How come the tariffs are reduced?  Previously in Kolkata the 256 kbps unltd connection was Rs. 649 plus taxes, now it is Rs. 799 plus taxes.


----------



## NucleusKore (Jul 30, 2009)

Just checked my line, here are the results

*www.speedtest.net/result/528829605.png

I guess the increased bandwidth is only downstream.

Plan 1099
Airtel Broadband


----------



## NucleusKore (Jul 31, 2009)

AirTel Broadband plan 1099 Speed update:
Time: 1545 hrs to 1615 hrs

*img95.imageshack.us/img95/8544/tests.th.jpg

*img79.imageshack.us/img79/8648/test2qcx.th.jpg

*www.speedtest.net/result/529334059.png

Verdict: Supposed to be only 384 kpbs at this time !

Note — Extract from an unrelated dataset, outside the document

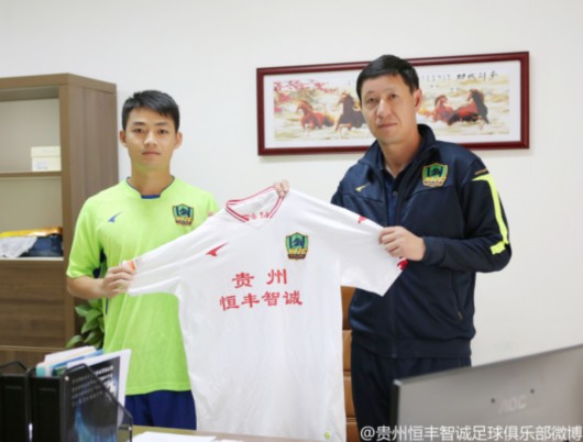 中甲球队贵州恒丰智诚宣布与恒大小将梁学铭、刘浩两名队员完成签约。

 Am enjoying while it lasts


----------



## dreams (Jul 31, 2009)

^^so if we go for 1099 plan, we should get around 120kbps in the day time right??? wat abt during night?


----------



## NucleusKore (Jul 31, 2009)

dreams said:


> ^^so if we go for 1099 plan, we should get around 120kbps in the day time right??? wat abt during night?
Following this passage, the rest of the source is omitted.